時の為政者や権力者たちは、宗教の観念や市思想を自らの権威の正当化や拡張のために利用しようとしてきました。それはそれで批判的な歴史的検証が必要でしょうが、私は、錦繡にあいだに定着した信仰や宗教観はそれ自体で尊重すべきものだと考えます。
日本古来の神仏習合の慣習や思想がそのまま具体的な形として現存しているこの神社の境内に立つと、神棚と仏壇をともに拝み、クリスマスを楽しむ日本の文化のファジーさは、それ自体、大切な生活態度、宗教観ではないかと思うのです。
▲主拝殿の奥の本殿:3つ並んでいる
この神社は、明治時代の乱暴な政治=宗教運動による破壊を免れたのですが、そもそも仏教との結びつきのなかで生まれた若一権現を祀る社である限り、神社のアイデンティティを保つためには、それしかなかったのでしょう。この一帯の民衆の生活や信仰からすれば、神仏の分離や廃仏棄釈という排他的・一元論的な発想そのものが、この境内神域に入り込む余地がなかったのでしょう。
伝統的なスタイルを守って激動の荒波を乗り切ったこの一帯の人びとの賢明さと努力に深い敬意をしたいと思います。
とはいえ、社号は若一王子権現から若一地王子神社へと改称され、明治政府の神道思想による神社の序列に組み入れられてしまったようです。
ですが、ここでは主祭神だけでなく、八百万の神々と観音菩薩が並存する独特の調和がもたらされています。
拝殿の奥のヒノキやサワラの樹林のなかには、境内社の木製の社殿や石造りの小さな祠が数えきれないほど並び、あるいは点在しています。
自然環境と社会のあらゆるものに神や仏が宿ると見る汎神論の世界が、この一帯の聖域には広がっています。
▲江戸時代に再建された信州で最も重厚な三重塔
◆樹木の生命力を感じる境内◆
▲古い切り株跡に育った杉
この神社では神域にふさわしく、ヒノキやサワラ、杉などの樹木が長年、大切に守られ育てられてきたことは明らかです。樹高が20メートルを超す老大樹はもとより、樹齢30前後の若い木々も目立ちます。
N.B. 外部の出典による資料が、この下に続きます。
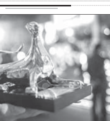
جشنواره فیلم لوکاتیکو بخش جدید برای فیلم‌های کوتاه از سال ۲۰۲۱ راه‌اندازی کرد

ایستادگان سینمایی ترولایی در حالی از وضع اسفناک کتاب‌های شعر نوجوان می‌گوید که معتقد است وضعیت شعر نوجوان بسیار درخشان است و درخشان هم خواهد شد. سراینده مجموعه شعر «اراز در خودم می‌بارد» که در یازدهمین دوره جشنواره شعر «فجر» برگزیده شده است، در توضیحی درباره این کتاب بیان کرد: «این کتاب برای من بسیار عجیب است، اتفاقاتی متفاوت برای آن افتاده. پیش از هر چیزی تمام شعرهایش را در حال و هوای اندوه در دست دادن پدرم گرفته‌ام، این روز اغلب شعرهای این کتاب مضمون مرگ دارند. او سپس گفت: «همچنین صبح روز بیستوششم به‌هم‌سامه که این اختتامیه جشنواره شعر «فجر» می‌رفتم، موبایل‌م را که روشن کرده به طرز عجیبی فوت اولین مربی و استادم در زمینه شعر آقای عبدالرضا مزاری جلای را شنیدم. ایشان در کانون پرورش فکری کودکان و نوجوانان کسر رشک که من را در کودکی عضو آن دیده، اولین کسی بودند که من را با ادبیات و شعر آشنا کردند و من سال‌ها خدمتشان شایردی کردم و متأسفانه بیست‌و پنج‌هفته‌ها من این خبر را شنیدم. من صبح فریادش که این خبر را شنیدم، برای کتابی به سمت مراسم پایانی جشنواره رفتم که حال و هوای از دست دادن پدرم را داشت و شعرهای کتاب به در تعیین شده‌اند. همه این اتفاقات برای من عجیب بود و در عین حال که این برگزیده شدن کتاب خوشحال‌بوم، همزمان و اومان هم از دست دادن آقای جلای و اندوه از دست دادن پدرم همراه

境内北側(拝殿の裏手)には、ヒノキやサワラの広い樹林があります。そして、背の高い針葉樹が境内全体を取り囲んでいます。遠くからでも鬱蒼たる森が見え、この神社の存在を知ることができます。
境内のあちこちに樹齢300年は超えたであろうような大木の切り株跡が残されています。1000年以上にわたって人びとが境内の樹木を大切に守り育ててきたのです。
上の写真は、直径1.8メートルほどの切り株跡に育った若い杉の根元を写したものです。樹木は代を継いで神域を守っていくのですねえ。